> _RECORDS SUPPLIED_

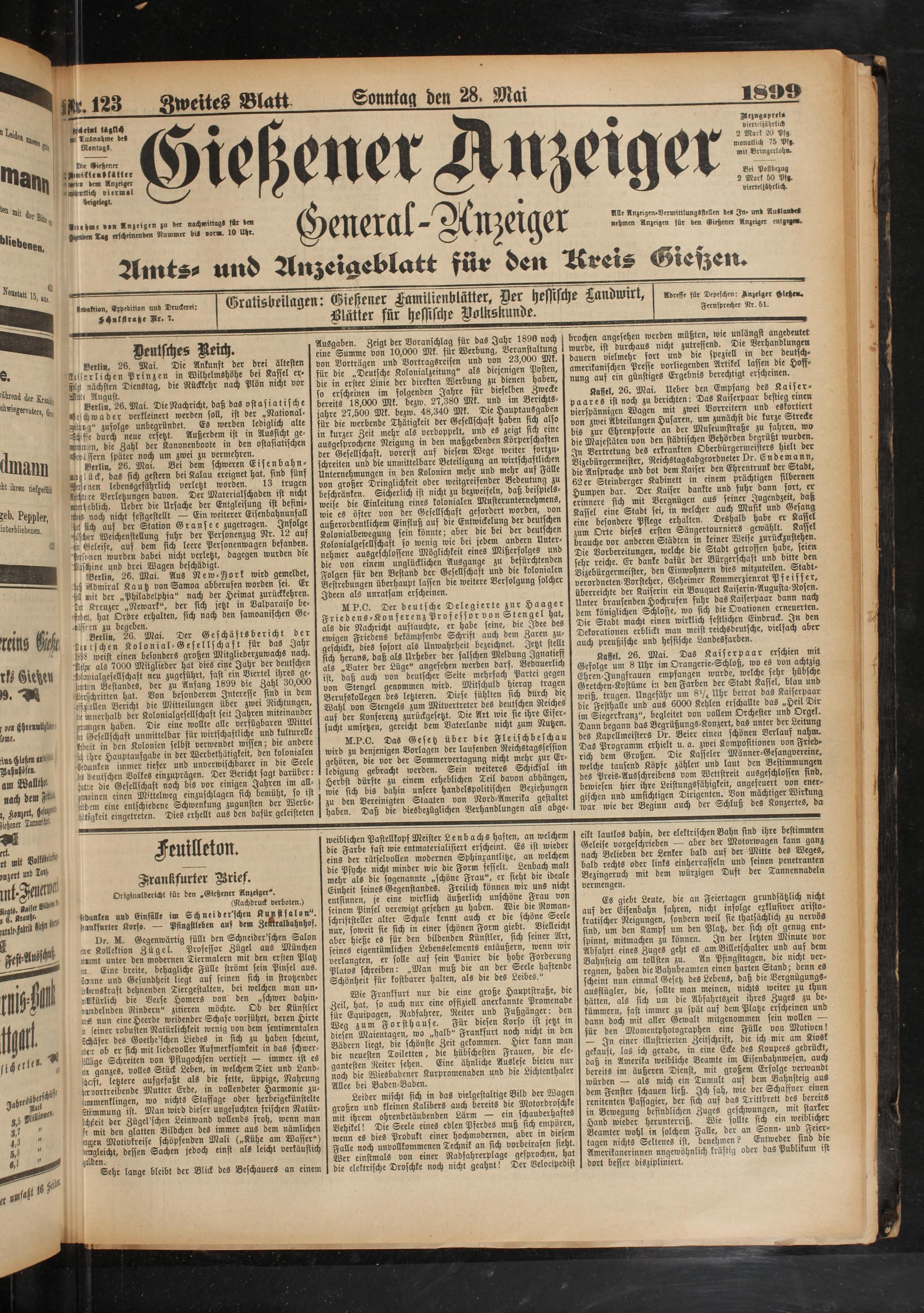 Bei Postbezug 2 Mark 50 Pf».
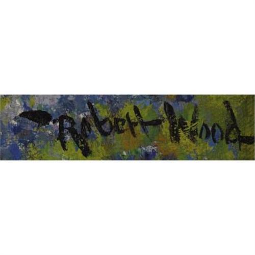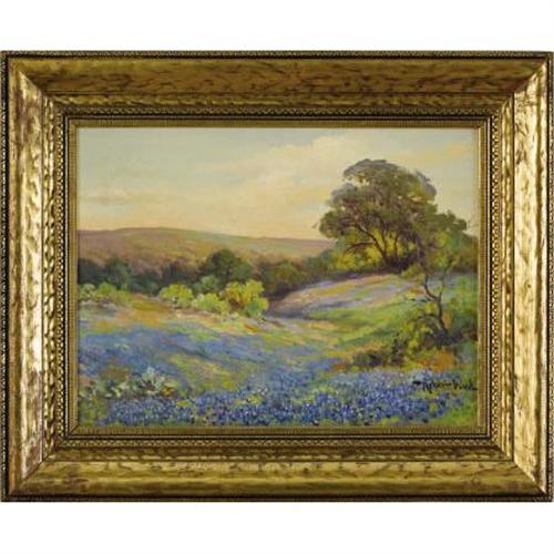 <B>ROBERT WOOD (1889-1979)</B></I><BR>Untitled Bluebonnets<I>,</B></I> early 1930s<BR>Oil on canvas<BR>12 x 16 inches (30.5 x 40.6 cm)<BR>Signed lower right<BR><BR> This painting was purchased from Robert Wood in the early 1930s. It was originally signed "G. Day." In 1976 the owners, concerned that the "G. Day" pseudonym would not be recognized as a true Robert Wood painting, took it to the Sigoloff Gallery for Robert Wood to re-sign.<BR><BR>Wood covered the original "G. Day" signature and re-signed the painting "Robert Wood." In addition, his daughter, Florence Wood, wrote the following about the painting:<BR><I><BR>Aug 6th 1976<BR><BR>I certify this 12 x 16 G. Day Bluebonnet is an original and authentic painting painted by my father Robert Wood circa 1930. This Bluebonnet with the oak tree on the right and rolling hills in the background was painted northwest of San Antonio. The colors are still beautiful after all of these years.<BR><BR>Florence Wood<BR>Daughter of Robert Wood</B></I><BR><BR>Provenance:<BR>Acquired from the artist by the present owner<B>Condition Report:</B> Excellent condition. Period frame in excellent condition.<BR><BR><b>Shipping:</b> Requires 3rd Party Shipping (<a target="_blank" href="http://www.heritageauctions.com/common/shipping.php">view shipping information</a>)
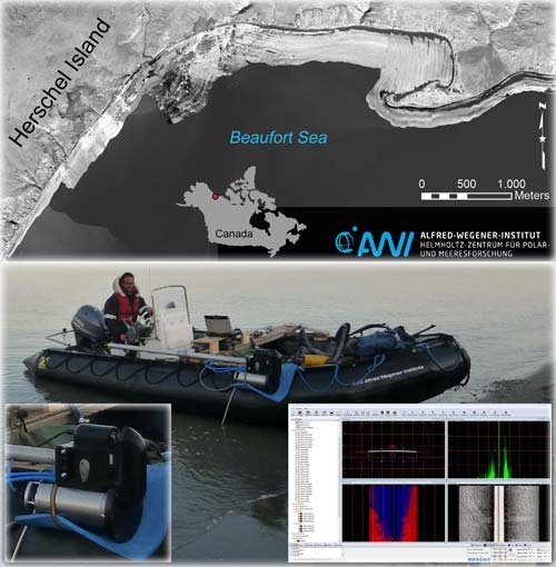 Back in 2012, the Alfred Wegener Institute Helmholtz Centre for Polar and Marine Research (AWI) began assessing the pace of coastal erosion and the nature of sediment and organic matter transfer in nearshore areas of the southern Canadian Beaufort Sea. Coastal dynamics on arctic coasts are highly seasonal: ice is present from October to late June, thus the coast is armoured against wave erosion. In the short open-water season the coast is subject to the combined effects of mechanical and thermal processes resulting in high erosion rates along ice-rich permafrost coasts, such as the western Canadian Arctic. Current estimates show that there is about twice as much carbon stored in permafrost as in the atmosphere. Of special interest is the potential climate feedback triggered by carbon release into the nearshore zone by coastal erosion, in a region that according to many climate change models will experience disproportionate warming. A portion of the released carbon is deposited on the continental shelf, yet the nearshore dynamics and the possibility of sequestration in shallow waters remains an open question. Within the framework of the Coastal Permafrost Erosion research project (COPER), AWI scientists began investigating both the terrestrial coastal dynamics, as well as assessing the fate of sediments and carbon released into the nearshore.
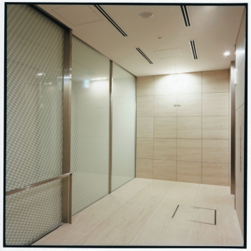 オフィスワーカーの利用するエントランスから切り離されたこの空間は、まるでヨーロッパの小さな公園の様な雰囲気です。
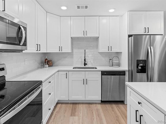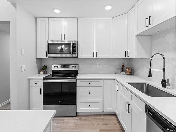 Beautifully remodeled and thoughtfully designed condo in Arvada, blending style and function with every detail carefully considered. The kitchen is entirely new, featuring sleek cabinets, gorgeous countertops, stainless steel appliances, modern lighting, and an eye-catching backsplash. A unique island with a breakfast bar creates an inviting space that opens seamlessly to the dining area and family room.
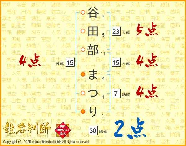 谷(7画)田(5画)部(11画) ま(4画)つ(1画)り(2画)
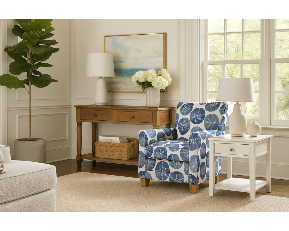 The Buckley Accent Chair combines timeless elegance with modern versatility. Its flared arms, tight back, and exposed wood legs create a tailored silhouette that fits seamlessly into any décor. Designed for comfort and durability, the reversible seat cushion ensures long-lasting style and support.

> _EXERCISE AIM_
Your answer must be everything above from the line with "オフィスワーカーの利用するエ" down to the line with "谷(7画)田(5画)部(11画) ま(4画)つ(1画)り(2画)", word for word, and no pictures.

> _EXERCISE OUTPUT_
 オフィスワーカーの利用するエントランスから切り離されたこの空間は、まるでヨーロッパの小さな公園の様な雰囲気です。
 Beautifully remodeled and thoughtfully designed condo in Arvada, blending style and function with every detail carefully considered. The kitchen is entirely new, featuring sleek cabinets, gorgeous countertops, stainless steel appliances, modern lighting, and an eye-catching backsplash. A unique island with a breakfast bar creates an inviting space that opens seamlessly to the dining area and family room.
 谷(7画)田(5画)部(11画) ま(4画)つ(1画)り(2画)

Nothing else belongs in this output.